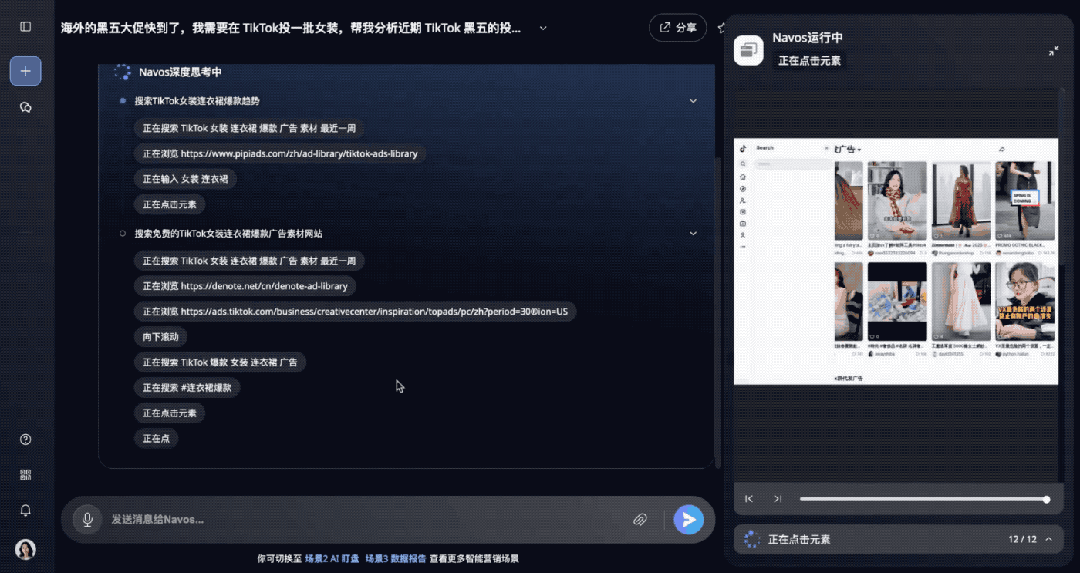 原本一个广告制作人员,想为“黑五”期间的TikTok女装广告制作创意素材,那么这项需求就可以交给Navos。
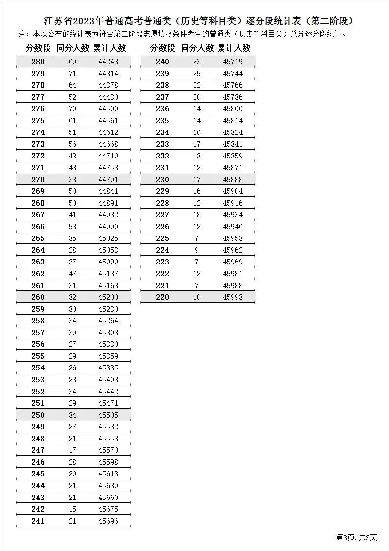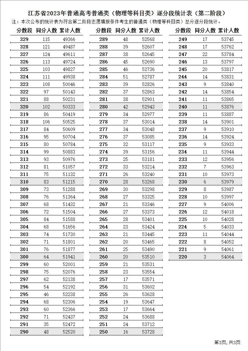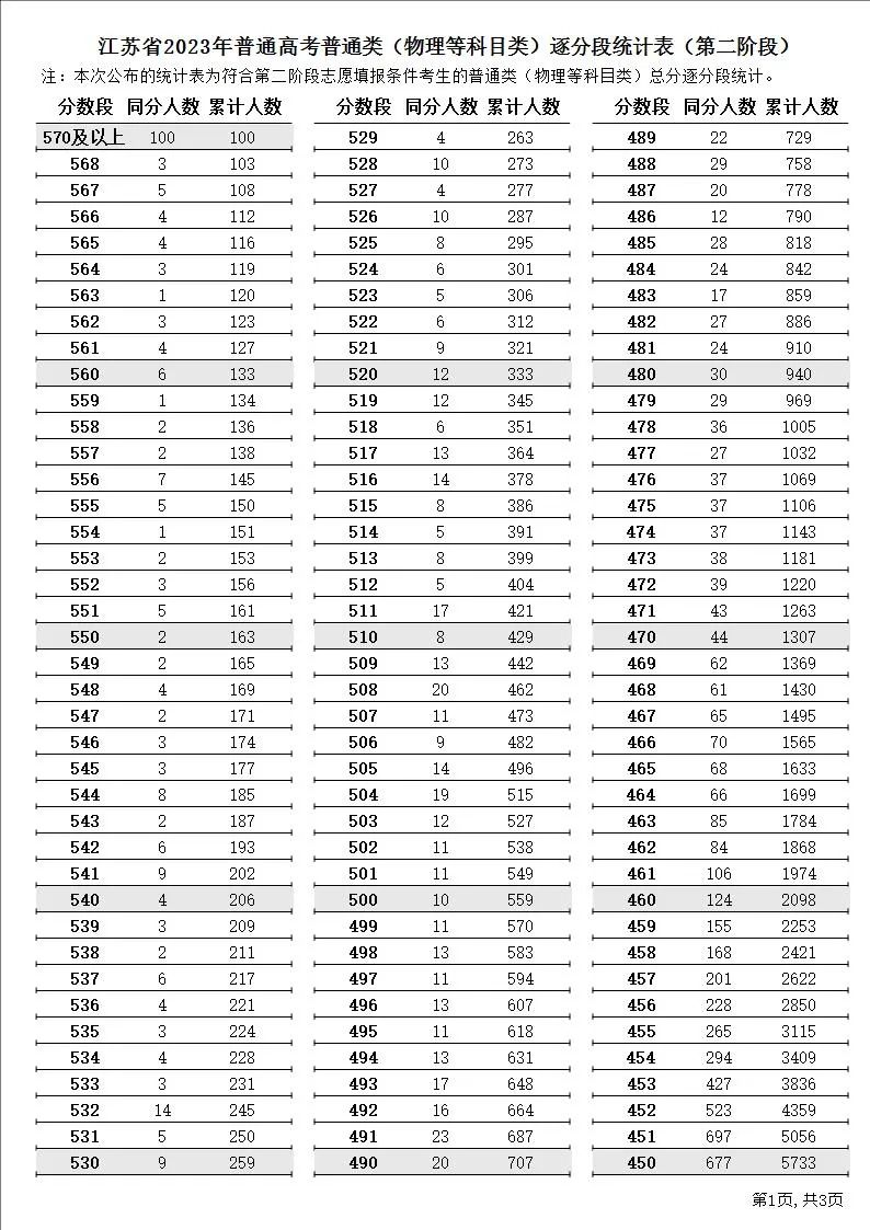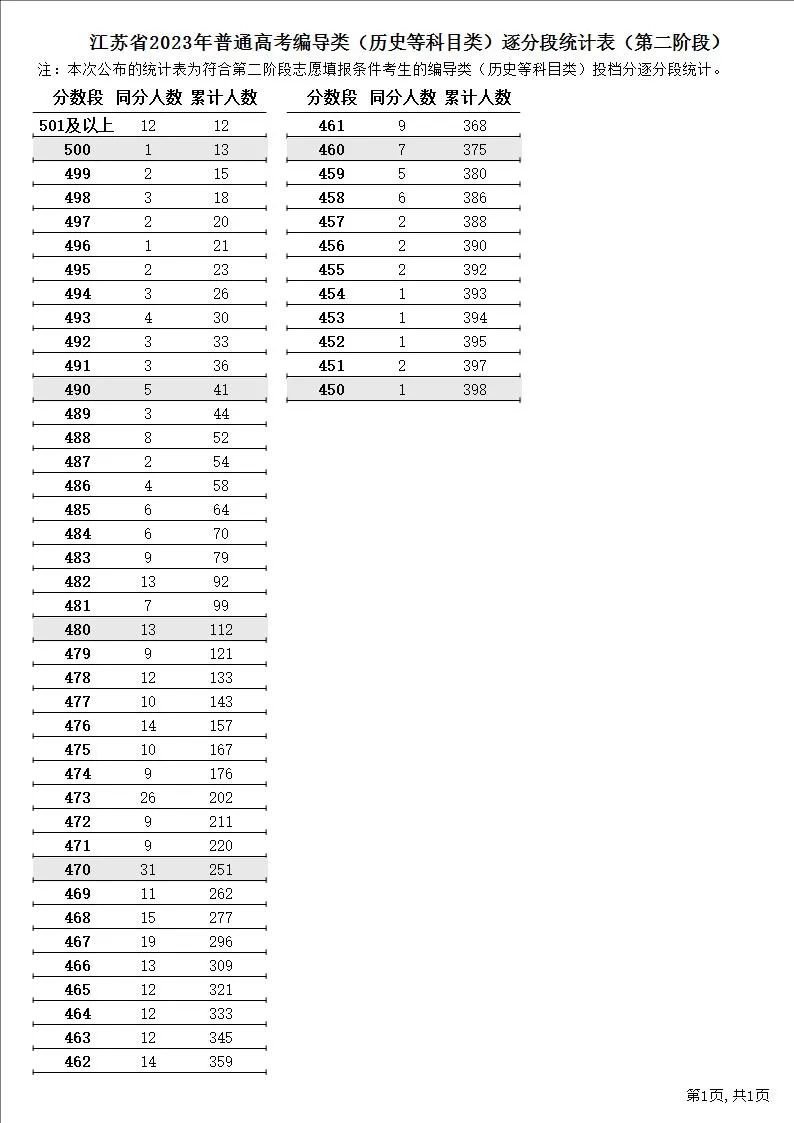 2023年江苏省普通高考逐分段统计表-第二阶段
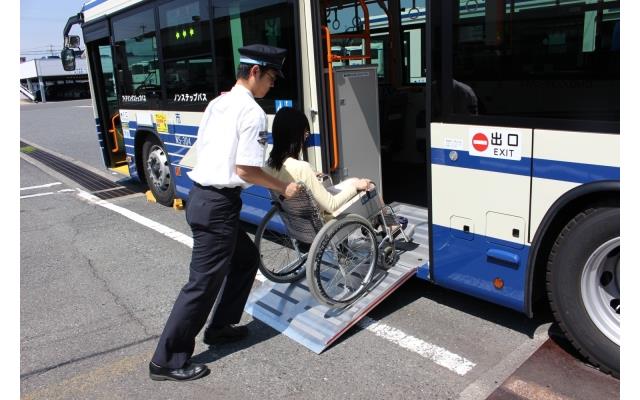 平成29年3月に、より多くのお客さまに楽に乗車していただけるよう、全車両がノンステップバスとなりました。ノンステップバスは、出入口に階段がなく、車両中央部に2台分の車いすスペースを設けています。乗降時の車高調整装置を搭載しているほか、車いすやベビーカーをご利用のお客さまがそのままご乗車いただけるよう、スロープ板を備えています。
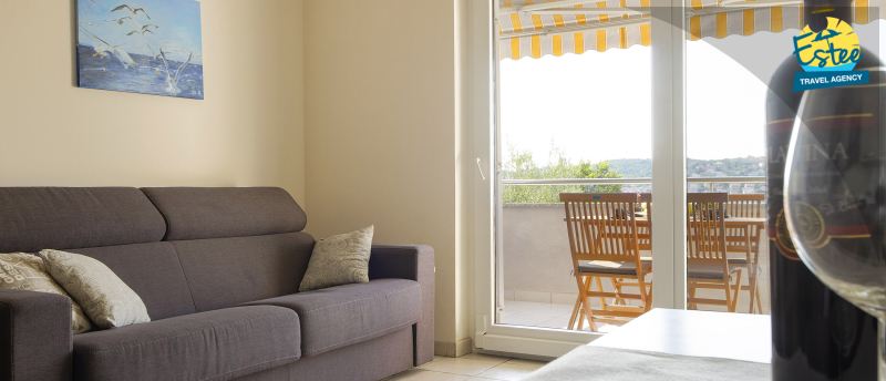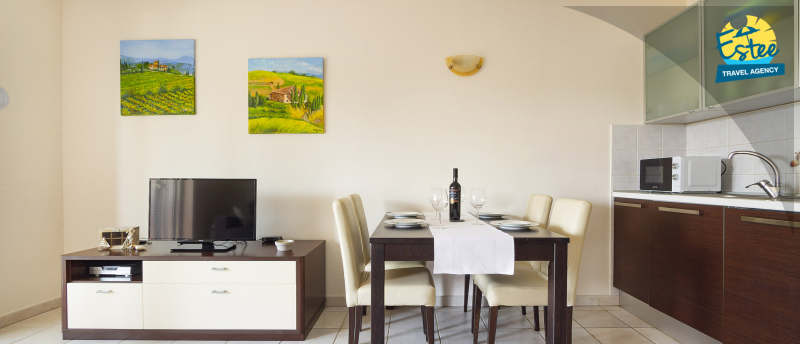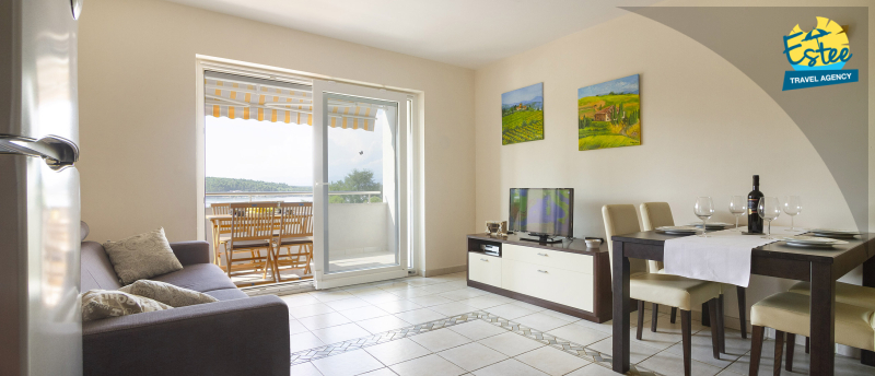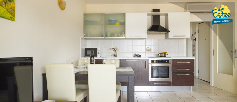 Sofa bed for two persons, Dining room, living room and kitchen - one unit, Tiles, SAT TV, Balcony with a sea view
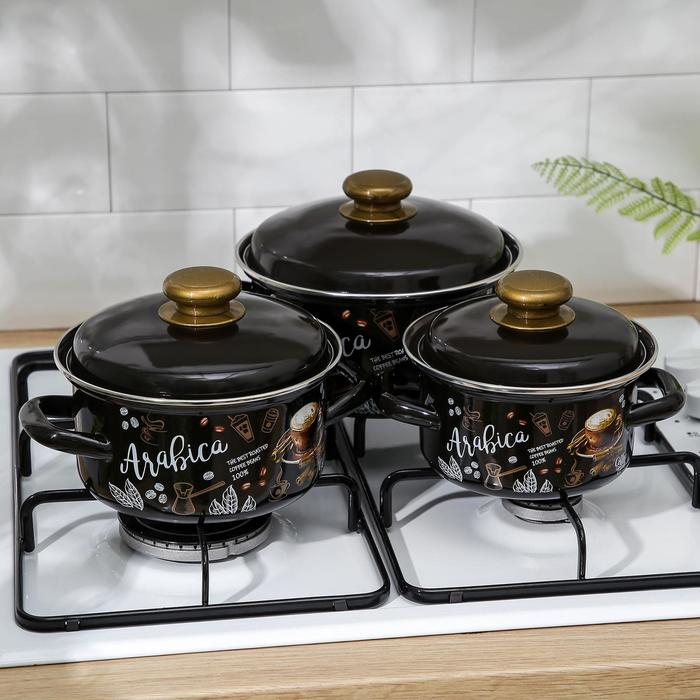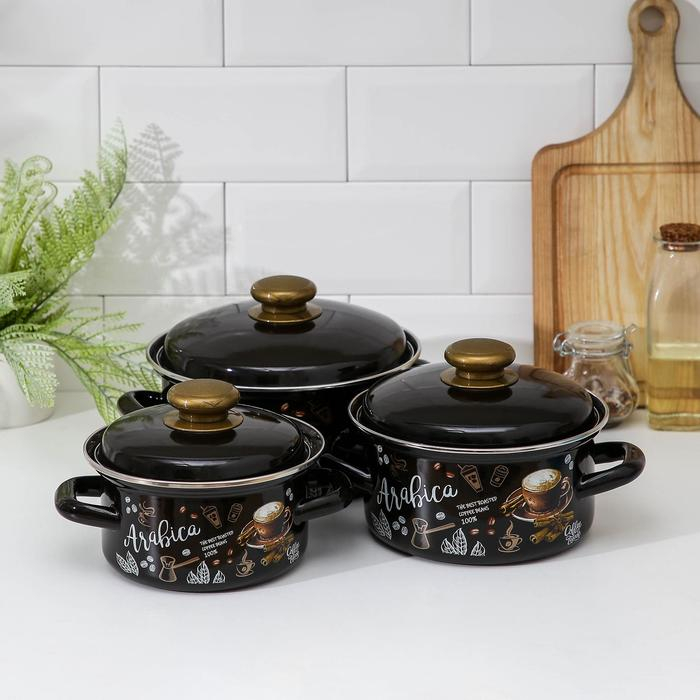 Набор эмалированных кастрюль «Арабика-1», 3 предмета: 1 л, 1,5 л, 2,3 л, индукция
# # #
**AIM OF THE EXERCISE**:
Write the entries out in full and exactly, omitting every picture.

**SOLUTION BELOW**:
 原本一个广告制作人员,想为“黑五”期间的TikTok女装广告制作创意素材,那么这项需求就可以交给Navos。
 2023年江苏省普通高考逐分段统计表-第二阶段
 平成29年3月に、より多くのお客さまに楽に乗車していただけるよう、全車両がノンステップバスとなりました。ノンステップバスは、出入口に階段がなく、車両中央部に2台分の車いすスペースを設けています。乗降時の車高調整装置を搭載しているほか、車いすやベビーカーをご利用のお客さまがそのままご乗車いただけるよう、スロープ板を備えています。
 Sofa bed for two persons, Dining room, living room and kitchen - one unit, Tiles, SAT TV, Balcony with a sea view
 Набор эмалированных кастрюль «Арабика-1», 3 предмета: 1 л, 1,5 л, 2,3 л, индукция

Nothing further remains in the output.